Before you try to build this software, you'll need to copy src/config.h.sample to src/config.h and edit it. You'll need to set your Wifi network name and password, as well as the number of LEDs in the strand you're controlling, the type of controller and the RGB configuration. If you're using a four wire contoller (with clock and data) you'll need to define LED_CLOCK_PIN, otherwise you must not define it.
The controller has two control interfaces, implemented over HTTP and Homebus.
Users can:
- choose preset light patterns
- choose animations
- adjust the animation speed
To control over HTTP, find the IP address of the controller and load http://controller-ip-address in a web browser.
Homebus supports the following commands:
- restart
- off
- stop
- speed
- rgb RRGGBB
- preset PRESET_NAME
- animation ANIMATION_NAME
RRGGBB is the red-green-blue value in hexadecimal, no leading 0x. for instance, rgb FF0000 would be equivalent to preset red.
The controller also uses a BME280 to monitor the temperature inside the vending machine.
Presets simply set the LEDs to a selected color or pattern.
The preset routine should call FastLED.show() when it's done.
Setting a preset stops the current animation.
Animations are subroutines which take one argument, indicating whether they should
initialize themselves. In order to keep src/animations.cpp from becoming unreadable, each
animation routine is in its own file in the src/animations/ directory. Each animation
routine should keep its own variables static in order to avoid polluting the global
namespace and accidentally colliding with names used by other routines. Only the
routine name, which should start with animation_, should be global. Add the routine
name to the animations[] array below to make it available to the user interface.
Init will be called when the animation is first selected. On init the animation routine should set up any state it needs in order to perform the animation (like record the state of all the LEDs or set any state variables) and return.
When init is false, the animation routine should perform one frame of animation, do any housekeeping it needs to, and return the number of milliseconds until the next frame of animation.

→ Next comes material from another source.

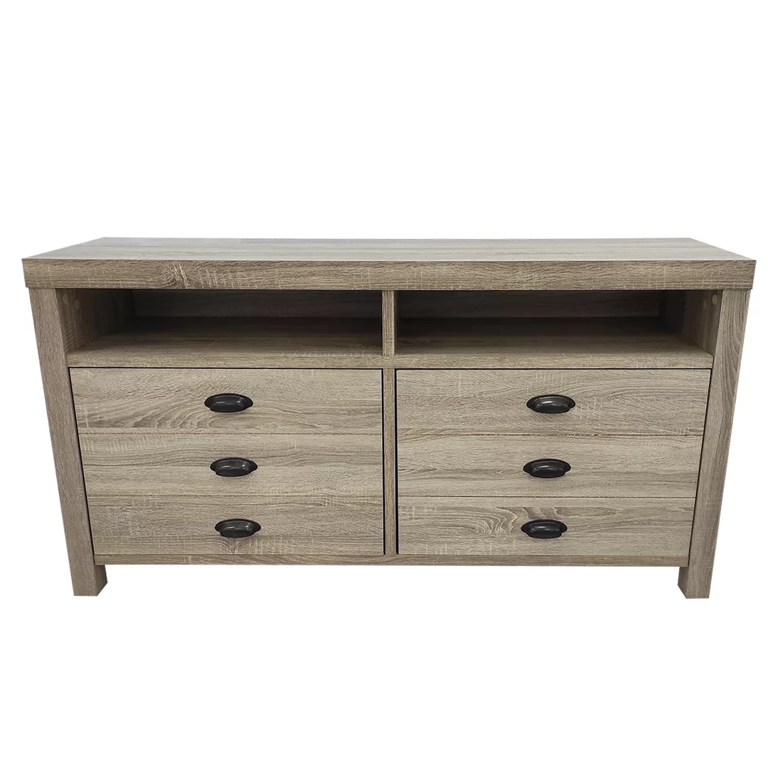 Bring style and organization to your living room with this multi-drawer TV stand from Real Living. Two doors with false drawer fronts and cup-style handles keeps items concealed behind hidden shelving as two spacious open cubbies offer space for media equipment. Finished in a weathered light brown, driftwood-inspired look, this TV stand brings form and function to your entertaining needs.

Animations should call FastLED.show() when they're ready to. The animation loop doesn't
do this for them.
Animations should avoid calling delay() when possible and instead should maintain state using
state variables and return the number of milliseconds till they need to resume. This
allows the code to also perform operations involving the network stack: service
commands via the web interface and MQTT and perform over-the-air-updates. Also do not use
FastLED's EVERY_N_MILLISECONDS() or EVERY_N_SECONDS() macros.
Network activity will almost certainly disrupt the timing of an animation, but we expect network activity to normally only happen when the user initiates a command, which would change the presets or animation anyway.
One exception is temperature updates - the code optionally supports periodically posting the value of a temperature sensor to MQTT. If this is too disruptive of animations then change the posting frequency to be less often.
Animations have a speed factor - a floating point number which the frame delay is divided by. Normally this is 1.0. To double the animation's speed, the speed factor would be 2. To halve it, the speed factor would be 0.5.
Animation routines are called from a loop in leds_handle().
They're kept in the animations array along with human-friendly names for them.
Vendo supports over-the-air (OTA) updates. Using PlatformIO you can build and install an update:
platformio run -t upload --upload-port NAME-OR-IP-ADDRESS
Code is licensed under the MIT License.